Here is a pic I got yesterday. The female wasn't moving it so I had to spoon it into an axil near the other two I know of. Im hoping she notices it. its not the best pic ecause of the glare from the lights. Happy 4th all!!


----------



## BBoyette (Mar 9, 2009)

Yea hopefully she will care for it, mines didn't when I placed it in the brom.

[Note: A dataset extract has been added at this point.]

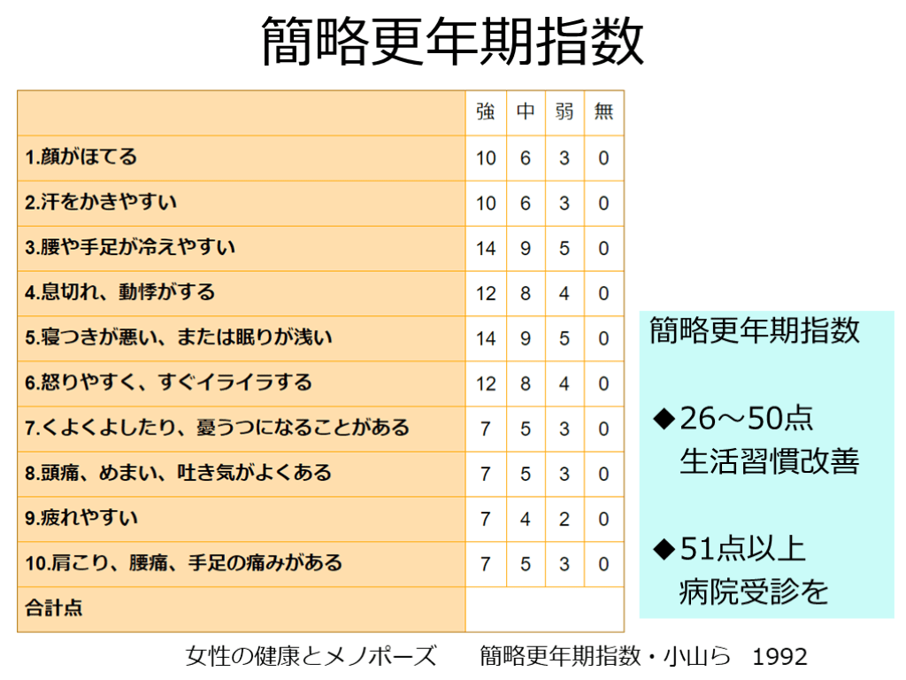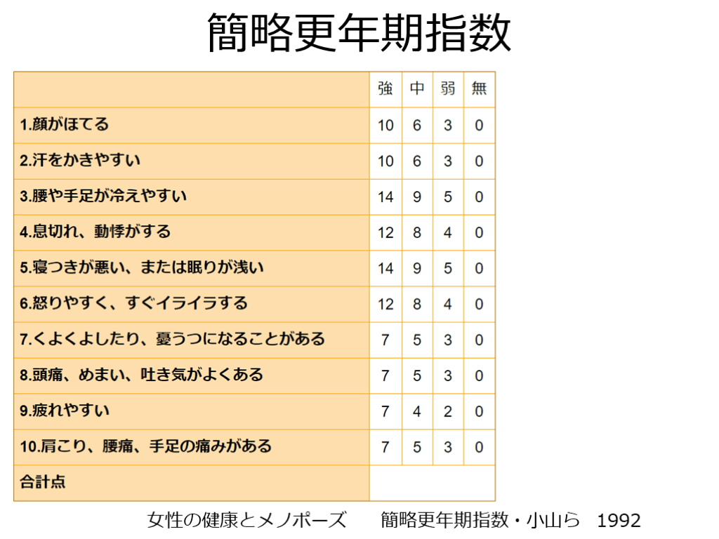 #12. 女性の健康とメノポーズ 簡略更年期指数・小山ら 1992 簡略更年期指数

Out of 9 only 2 look decent.


----------



## james67 (Jun 28, 2008)

it may take awhile so try not to get overly excited. my mancreeks have laid probably 100 eggs that have successfully hatched into tads,(probably 140 total eggs) however i too have only seen 2 develop front legs and neither have made it (to my knowledge).

james


----------



## Philsuma (Jul 18, 2006)

james67 said:


> it may take awhile so try not to get overly excited. my mancreeks have laid probably 100 eggs that have successfully hatched into tads,(probably 140 total eggs) however i too have only seen 2 develop front legs and neither have made it (to my knowledge).
> 
> james


Wow...I would seriously look into husbandry issues as that mortality rate strikes me as way too high.


You can also place small cups with the neglected tad on the floor of the viv. I've had some Eldorado tads that seemed neglected and I placed them in some tiny clear glass restaurant store condiment bowls. 

It seems that they found them easier due to the movement in the clear bowl that they otherwise may have missed if they were randomly placed in a brom axil.

I would reccomend glass over plastic as it is heavy and less likely to be knocked over.


----------



## james67 (Jun 28, 2008)

they are housed very well and cared for very well. (this is not the first pumilio i have cared for, i used to keep costa rican BJs in the late 90s) they are given a wide variety of food and always given fresh supplements. they just leave most tads. they have 2-3 "favorite" spots for tads, although there are plenty of containers, and they will not transport to any others. 

the last nearly morphed froglet died after a different female put a new tad in the same small brom. (like i said they are very particular)

they currently have 2 of the sites occupied, and have left 5 tads since.

james


----------



## Philsuma (Jul 18, 2006)

James,

Sorry....I didn't mean to infer inferior keeping or _bad _husbandry....just possibly a "switch-up" or change kind of thing, like the different food sources that you mentioned.

I haven't experienced any "bad parent" type of behaviour from Pumilio like the kind associated with some vents, ect.


----------



## james67 (Jun 28, 2008)

no problem, no offense taken. 

i just pride myself on the excellent care that i provide to my frogs, and sort of cringe at the idea of someone thinking that i may not be doing everything within my power to provide the absolute best possible care.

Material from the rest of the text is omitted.